#' @title Rescale design weights for multilevel analysis
#' @name rescale_weights
#'
#' @description Most functions to fit multilevel and mixed effects models only
#' allow the user to specify frequency weights, but not design (i.e., sampling
#' or probability) weights, which should be used when analyzing complex samples
#' (e.g., probability samples). `rescale_weights()` implements two algorithms,
#' one proposed by \cite{Asparouhov (2006)} and \cite{Carle (2009)}, to rescale
#' design weights in survey data to account for the grouping structure of
#' multilevel models, and one based on the design effect proposed by
#' \cite{Kish (1965)}, to rescale weights by the design effect to account for
#' additional sampling error introduced by weighting.
#' @param data A data frame.
#' @param by Variable names (as character vector, or as formula), indicating
#' the grouping structure (strata) of the survey data (level-2-cluster
#' variable). It is also possible to create weights for multiple group
#' variables; in such cases, each created weighting variable will be suffixed
#' by the name of the group variable. This argument is required for
#' `method = "carle"`, but optional for `method = "kish"`.

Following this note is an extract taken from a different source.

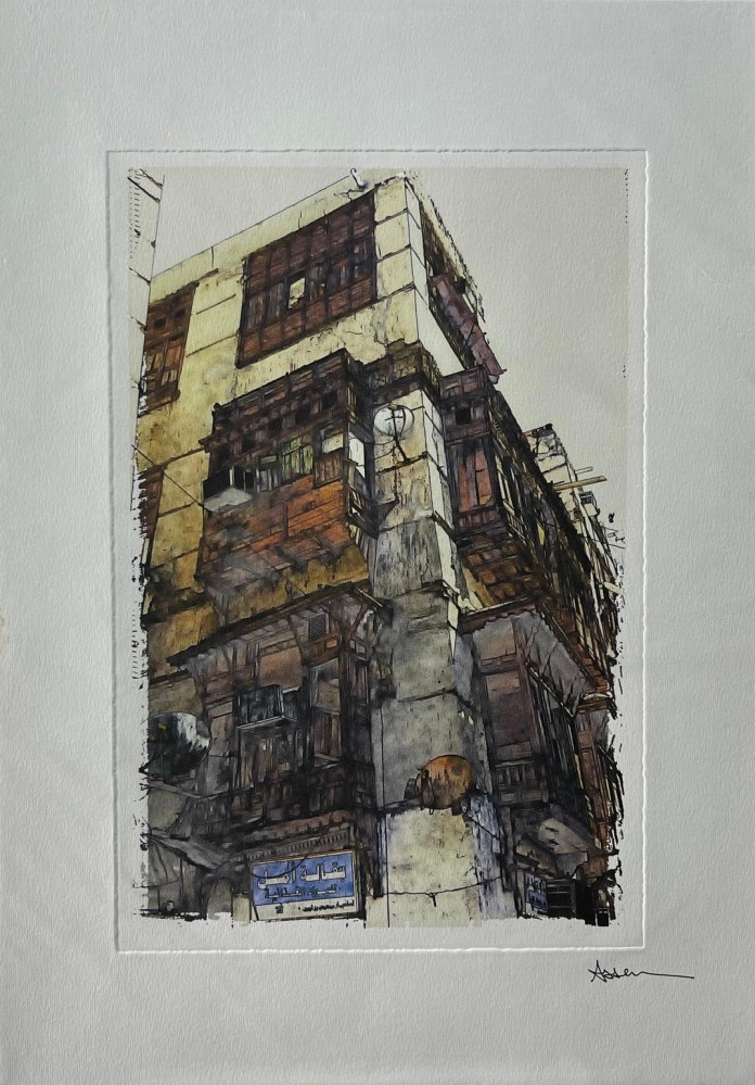 لوحة فنية فوتوغرافية أصلية - مطبوعة موقعة من عمل عاصم الصبان - فنان سعودي من الرواد.
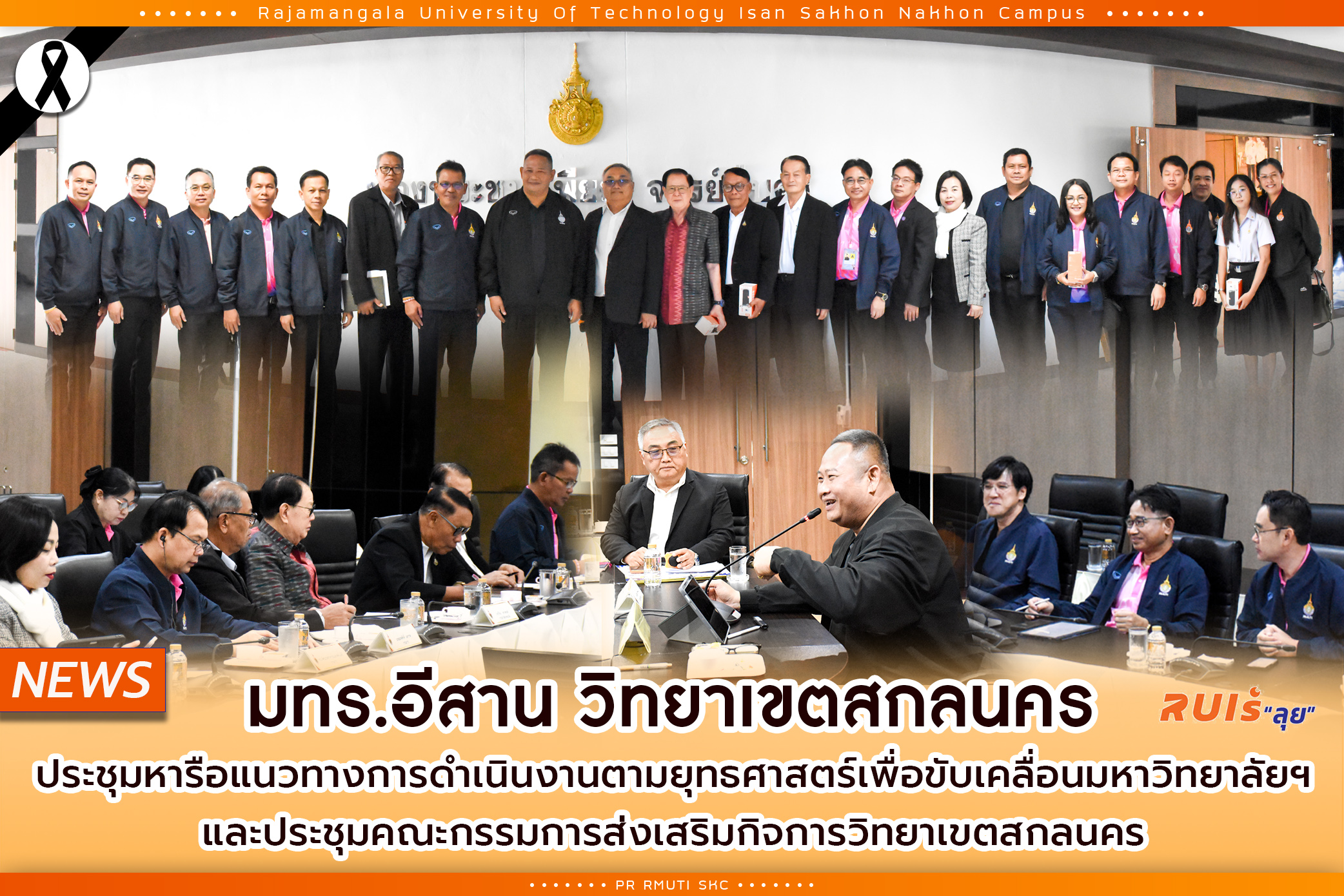 On December 16, 2025, Rajamangala University of Technology Isan, Sakon Nakhon Campus, led by Assistant Professor Dr. Chaweng Saraklong, Vice President of Sakon Nakhon Campus, joined in welcoming Associate Professor Dr. Kosit Sriputhon, President of Rajamangala University of Technology Isan, executive team, and officials, Nakhon Ratchasima, Khon Kaen Campus. and Surin campus In the meeting to discuss guidelines for implementing the strategy to drive Rajamangala University of Technology Isan Toward sustainable excellence And there was a meeting of the Sakon Nakhon Campus Business Promotion Committee, led by Dr. Paichit Kultangwattana, Chairman of the Board. along with qualified directors Attending this meeting to promote, support, provide advice and suggestions to the campus. Develop campus operations guidelines at Phianchan Suebsri meeting room. Academic Building, Rajamangala University of Technology Isan, Sakon Nakhon Campus

#' @param probability_weights Variable indicating the probability (design or
#' sampling) weights of the survey data (level-1-weight), provided as character
#' string or formula.
#' @param nest Logical, if `TRUE` and `by` indicates at least two group
#' variables, then groups are "nested", i.e. groups are now a combination from
#' each group level of the variables in `by`. This argument is not used when
#' `method = "kish"`.
#' @param method String, indicating which rescale-method is used for rescaling
#' weights. Can be either `"carle"` (default) or `"kish"`. See 'Details'. If
#' `method = "carle"`, the `by` argument is required.
#'
#' @return
#' `data`, including the new weighting variable(s). For `method = "carle"`, new
#' columns `rescaled_weights_a` and `rescaled_weights_b` are returned, and for
#' `method = "kish"`, the returned data contains a column `rescaled_weights`.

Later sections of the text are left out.